On June 12, 2025, the National Assembly of Vietnam issued Resolution No. 202/2025/QH15 on the reorganization of provincial-level administrative units. Accordingly:

- Đồng Tháp province was established by merging the entire area and population of Đồng Tháp province and Tiền Giang province.

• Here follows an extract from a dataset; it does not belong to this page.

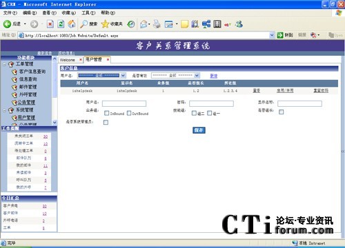 系統(tǒng)配置管理為管理員提供了一個(gè)管理的平臺(tái),來(lái)對(duì)系統(tǒng)的用戶、數(shù)據(jù)、參數(shù)、類(lèi)型等進(jìn)行靈活的配置,從而適應(yīng)快速變化的業(yè)務(wù)需求。系統(tǒng)用戶管理包括座席人員賬號(hào)的設(shè)置、座席組的指定、座席技能的管理以及權(quán)限的分配等。
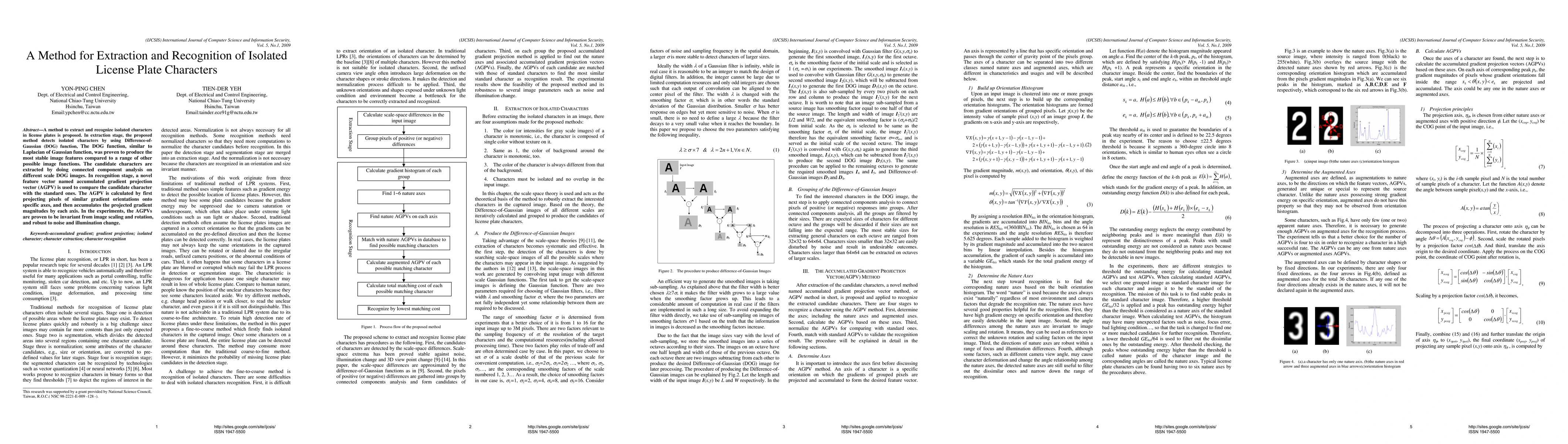 A method for extracting and recognizing isolated characters in license plates uses a Difference-of-Gaussian function to detect characters and an accumulated gradient projection vector to compare them with standard ones.

On June 16, 2025, the Standing Committee of the National Assembly of Vietnam issued Resolution No. 1663/NQ-UBTVQH15 on the reorganization of commune-level administrative units in Đồng Tháp province. Accordingly:

- Mỹ Thọ commune was established by merging the entire area and population of Mỹ Thọ commune-level town, Mỹ Thọ commune, Mỹ Xương commune, and Mỹ Hội commune (formerly part of Cao Lãnh district).

On May 11, 2026, the People's Council of Đồng Tháp province approved the plan to establish 11 new wards in the province. Accordingly:

- The Mỹ Thọ ward was established based on the entire area and population of Mỹ Thọ commune.